We know too little about the nutritional needs of runaway and homeless adolescents. Although national estimates have become dated and we have no comprehensive studies of the number of homeless adolescents in the USA20, the best available estimates place the number at about 500 00021,22. Given what may be conservative national estimates of the number of homeless adolescents nationally, and what are probably conservative estimates of food insecurity rates based on a sample from small to moderate-sized Midwest cities, about one-third or approximately 165 000 homeless and runaway adolescents went hungry (e.g. cut or missed meals, did not eat for a whole day and/or were hungry because they couldn't afford food) in the past 30 days. These adolescents are largely hidden from others and ignored by government policy-makers. They are missed in studies that address national hunger, yet they comprise one of the most nutritionally at-risk categories of children in the nation.
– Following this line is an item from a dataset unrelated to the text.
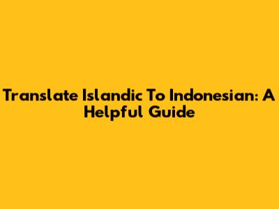 Translate Islandic To Indonesian: A Helpful Guide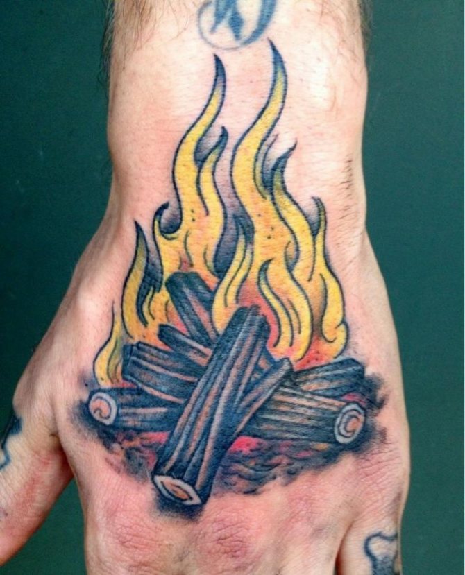 火と炎は、人間がその皮膚に背負うようになった最も古いシンボルの一つである。太陽光、光のエネルギー、魔力、力などを連想させる。これが、現在も使われている「火」のタトゥーの意味です。

Food insecurity is but one of a myriad of health risks faced by runaway and homeless adolescents; however, it is a major developmental concern. Small and moderatesized cities often do not even acknowledge the presence of street youth in their communities let alone provide outreach and specialised food programmes. However, the problem of food insecurity could be addressed by innovative food outreach programmes that take food directly to the streets where the adolescents hang out or by supplying attractive, age-appropriate food programmes in drop-in centres. Some moderate-sized cities such as Des Moines have street outreach vans that supply sandwiches and other necessities directly on the streets. Others have drop-in centres specifically for young people that provide hot meals.
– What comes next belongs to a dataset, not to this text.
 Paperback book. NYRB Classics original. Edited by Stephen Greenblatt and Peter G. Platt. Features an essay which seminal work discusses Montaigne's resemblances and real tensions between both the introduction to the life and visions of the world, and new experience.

Over the past two decades, our society has come to accept homeless adults as part of the urban landscape. Although once a societal concern, recently homeless adolescents have dropped from public and policy attention. Our national nutrition policy-makers should include this significant population of young people in their strategies to eliminate hunger in our country.

Acknowledgement

This research was funded by the National Institute of Mental Health (MH 57110) (Les Whitbeck, Principal Investigator).